How much do you need to Retire – Version 3 – Part III

Welcome to Part III where we are going to look at pension plans. For your reference in Part I we calculated your yearly spending in retirement, while in Part II we covered government benefits.

Company Pension Plans

Each pension plan is unique to some degree, so it is impossible for me to cover every detail of every pension plan. So if you don’t know the details of your plan get on the phone with your HR department and request the information otherwise it is hard to determine what you are going to get.

Pension plans come in two basic types: defined benefit or defined contribution. Defined benefit used to be the standard of most companies for a number of years. You contributed to the plan during your working life and then once you retired you got a set amount from the plan based on some type of formula. These plans could be very generous. I know one lady who is closing in on retirement that is expecting 70% of her current income (averaged over the last 10 years) in retirement from her plan. The problem with these plans is they are costly to run, so many companies have been shifting over to defined contribution. In a defined contribution plan the company will match a set amount of money you add to the plan. Once you retire you will get a lump some of money that you can buy an annuity with or transfer to a Registered Income Fund (RIF) which is similar to an RRSP, but you have to take out a minimum amount each year based on your age (your options may vary depending on your plan).

Well with my changing jobs over the last few years I’ve been in many different pension plans. First off when I was living in BC I had a defined benefit plan, I’ve cashed that out and transfered that to my LIRA (Lock In Registered Account). Then more recently my employer was bought out last Nov and I got my statement saying my pension amount is small enough I can transfer it to my regular RRSP rather than my LIRA account. Now my new employer pension plan is actually a group RRSP rather than a traditional pension plan which effectively puts my original retirement plans on their head.

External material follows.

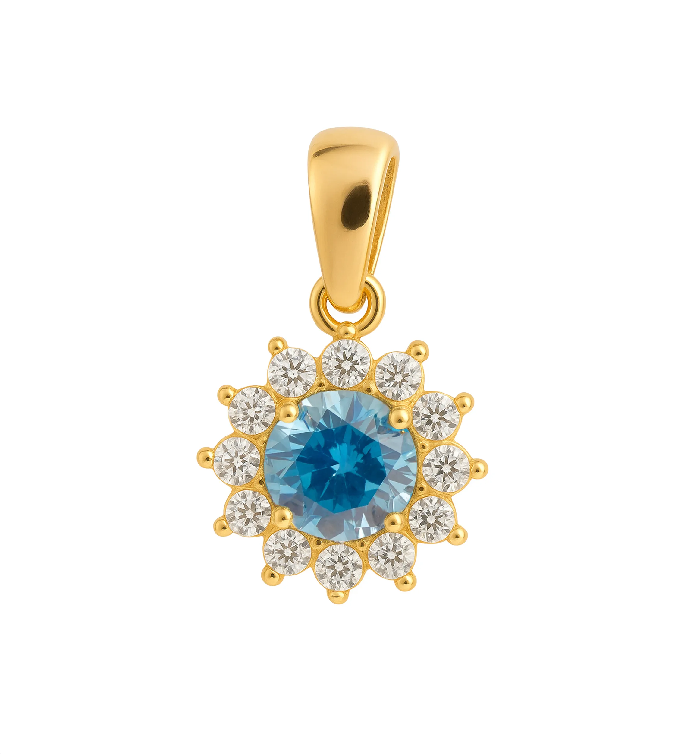 Elegancka złota zawieszka próby 585 z błękitnym kamieniem i cyrkoniami. Luksusowy wybór na prezent – idealna na ślub, święta czy wyjątkowe okazje.

Why? Because under my old calculations I was stuck with a large sum of cash I couldn’t use until age 55 because of my employer’s pension plan.  Now with the buyout and changing over to a group RRSP I can use some of those funds in my early retirement period (45 to 55). Effectively one of my biggest obstacles to my early retirement has been removed.

So all I have left to estimate is how much my LIRA will grow. To estimate this I’m going to assume a 7% rate of return and reduce that by 1.5% to reflect inflation so I get a number in today’s dollars (if your wondering why I’m using such a low inflation number check out these two posts: #1, #2). Therefore I will use a 5.5% rate of return. I should point out that I’ve been averaging over 8% on these investments, but I’m using a 1% buffer on my calculations to cover years of low performance and general estimating errors.

So if I start off with this calculator and plug in the following values:

Starting Amount $11,300
Then I’m adding around: $0/month (I’m not adding anything to this account)
At a 5.5% rate of return for 30 years (until I turn 60).

I end up with $58,617. I know that is hardly an earth shattering amount, but it will be useful to top up my income during my more normal retirement years.  If I assume I want this money to last a while I’ll only be taking out 4% per year or $2344/year


Therefore if I take that amount and add it to my government benefits I calculated yesterday I should get $2344 + $18,714 = $21,058/year from age 65 onward. So I’m still short of my goal of $26,618/year goal, but I’ve now moved the largest portion of my cash to my RRSP which I’ll cover tomorrow.